Старик, сидевший на потрепанном коврике, таком вытертом, что узор едва угадывался, с надеждой вернул ему взгляд.
— Миша! — беспомощно позвал Гиви, — Миша! Чего он хочет?
— Чтобы ты купил что-нибудь, — пожал Шендерович плечами.
— А… что?
На крохотном коврике ничего не было. Кроме остроносых шлепанцев, чисто символически водруженных на заскорузлые бурые пятки. Еще имелись плотные черные… шальвары? — гадал Гиви — и выцветшая, когда-то красная жилетка, милосердно прикрывающая голую цыплячью грудь. В сморщенном ухе болталась потемневшая от времени серьга в форме полумесяца.
— Колоритный туземец, — уважительно сказал Шендерович. — Теперь таких уже не делают.
Старик с ловкостью бродячего фокусника извлек из ниоткуда потертую войлочную сумку и широким жестом вывалил ее содержимое на коврик у ног Гиви.
— Э? — Гиви вновь обернулся к Шендеровичу.
— Хлам, — махнул рукой тот. — Пыль веков.
На коврике материализовались несколько разнообразных кинжалов — старик ловким, каким-то очень профессиональным движением по очереди выдернул их из ножен и покрутил в воздухе. Металл тускло отблескивал на солнце — ничего общего с начищенными ятаганами на пестрых прилавках. Прежде, чем очередной кинжал вновь скрывался в ножнах, Гиви успел заметить, что все они подозрительно иззубренны, покрыты пятнами не менее подозрительной ржавчины.
— Он их что, из музея спер?
— Какой музей? Кто на это польстится?
— Мисиниз… эфенди… — повторил старик.
— Э? — Гиви вопросительно глянул на Шендеровича.
— Типа «купи, пожалуйста», — не совсем уверенно ответил тот.
— Настоящие? Эти — настоящие?
— Настоящие, — вздохнул Шендерович. — Уж не знаю, кого он ими резал…
Один кинжал был все-таки хорош — ножны в серебряной оковке, бело-голубое лезвие с дымчатым узором по клинку. Гиви невольно залюбовался. Таким кинжалом поражают врага в трусливое сердце, разрезают путы на запястьях прекрасной полонянки… что там еще, э?
— Дамаск! — гордо прокаркал старик. — Дамаск!
Ах Дамаск, благословенный город, где порою в ночи на скамье у фонтана можно встретить прикорнувшего Гаруна-Аль-Рашида, где бредут по раскаленным камням верблюжьи караваны, лелея в тяжелых тюках шелка и хну… наклонись ко мне красивым станом, о Лейли… и ты, о луноликая Зейнаб…
— Сколько? — не выдержал Гиви. — Эт-та… бука но дура?
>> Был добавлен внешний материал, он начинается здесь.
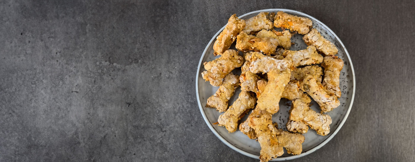 These homemade pumpkin cookies are packed with natural ingredients like pumpkin puree and grated carrots, and a few teaspoons of our Tree Barks Powder for added digestive support. Not only are they easy to make, but they’re also a tasty snack that’ll have your dog wagging their tail for more!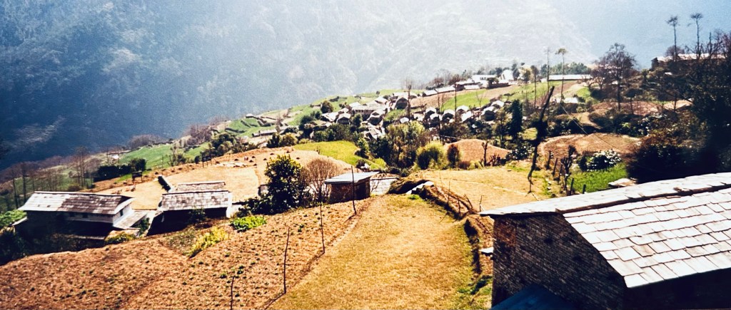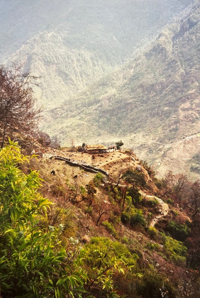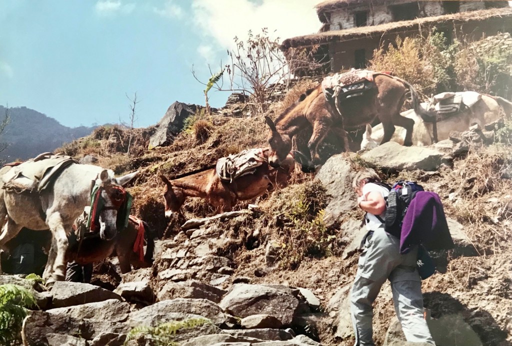 As there are no roads in those mountains all goods are delivered to the villages either on the backs of men or mules. In that region mule trains are very common both going up the trail carrying goods and then coming back down. Nepali mules are very small, American donkey size. So we kept calling them donkeys. And our Nepali friends patiently kept explaining to us that, no, they are mules. When we protested they informed us that a donkey has a cross on its back and Nepali mules are small. And so we succumbed to their wisdom. Our hosts quickly explained to us that when you meet a mule train you must always move to the inside (mountain side) because the mules don’t give an inch and will literally push a person off the ledge.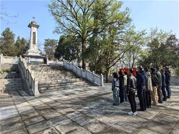 在庄严肃穆的革命烈士纪念碑前,全体人员整齐列队、肃立默哀,向革命先烈致以崇高敬意。党员代表缓步上前,向革命烈士敬献花篮,整理缎带,寄托深切哀思。随后,全体党员面向鲜红党旗,高举右拳,庄严宣誓,重温入党誓词,以铿锵誓言坚定理想信念、恪守对党忠诚。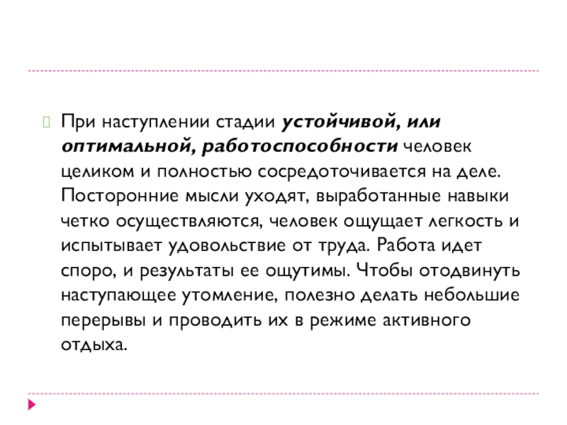 Слайд 9При наступлении стадии устойчивой, или оптимальной, работоспособности человек целиком и полностью

Хау мэни, короче?
Старик был, должно быть, прирожденным полиглотом, потому что тут же стремительно выбросил вверх три пальца.
— Это чего? — обернулся Гиви к Шендеровичу.
— Три, — пояснил тот.
— Чего — три? Доллара? Рубля? Чего? Э — обернулся он к старику, — сри бакс, э?
И тоже зачем-то выбросил три пальца.
Какое-то время они со стариком молча таращились друг на друга.
— Хаир сри бакс, — сурово отрезал старик. — лира… учюз бин лира…
— Учбин, — согласился Гиви, — ага…
— Учюз бин, — старик заскрипел зубами. Звук был страшный.
— Ладно-ладно, — испугался Гиви, — учюз так учюз. Миша, что он сказал?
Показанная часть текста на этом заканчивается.